Algorithm 4.2 is for assigning
IDs for compatible words (those sharing the same PoS tag set).
Algorithm 4.2:
Input: list of files containing words
Output: list of files containing IDs and an index file containing
the files that contain each ID.
Process:
1.
Scan
all given files and generate a unique list of words Luwords
2.
Initialize
a dictionary (hash-table)<key, value> : Dic<K, V> where K is a bit-vector, and its length is the number of input files, and every bit is designated
a specific file in the given input files, and its value V is the class ID.
Initially the dictionary is empty
3.
LID
↤ 0
4.
For
every chunk of words (a million) do:
a.
Create
a vector of bit-vectors Lfiles[BVi] where its size is the
chunk size, and BVi is a bit vector for word i in the chunk and its
length = # of input files.
b.
Scan
all input files against the words in the chunk and set the Lfiles[BVi[n]]
= 1 where the file n contains the word i.
c.
For
every entry in Lfiles , C do:
i.
If
Lfiles in keys of Dic do:
1.
Assign
the words associated with C the id Dic[C].
ii.
Else
1.
Insert
into Dic the key C and its value = LID+1
2.
LID
↤ LID + 1
As the number of items being
processed is finite, all the words are checked against its PoS tags through
BAMA re-analysis. It is tested that all words processed, their PoS tag-set
didn’t change from those generated by BAMA.

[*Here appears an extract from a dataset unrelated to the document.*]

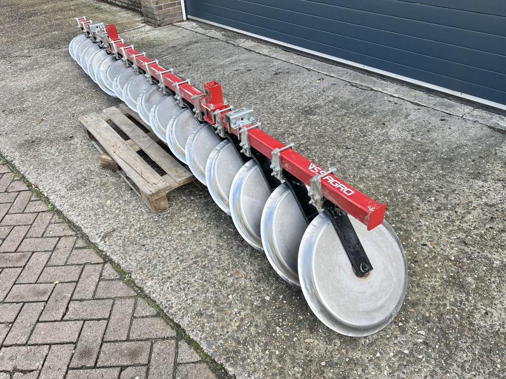 • De ploegvorendrukker bestaat uit twee hydraulische hefarmen, een trekstang en een kokerbalk waaraan zwenkbare dichte holle schijven (Ø560mm) zijn gemonteerd. De schijven zijn kogelgelagerd en gefabriceerd uit slijtvast RVS staal. De machine bevestigt u aan de ploeg met nog te bestellen aanbouwdelen die speciaal passen op de ploeglichamen.

By using this algorithm, the
number of words is minimized from ~23 million words to around 15000 words in
the Link Parser dictionary files.
The number of words mentioned
is spread over 3033 files. Each represents a PoS tag constructed from PoS tag
of all segments of some words in the unique word-list.
It was reported by Attia [59][57]
that the number of words of Arabic is too large to be possible to be generated
and used by a parsing system. With this compression technique, the number of
words for this highly inflectional language becomes less than of that of a
simple language like English with regards to number of words and the morphology
system.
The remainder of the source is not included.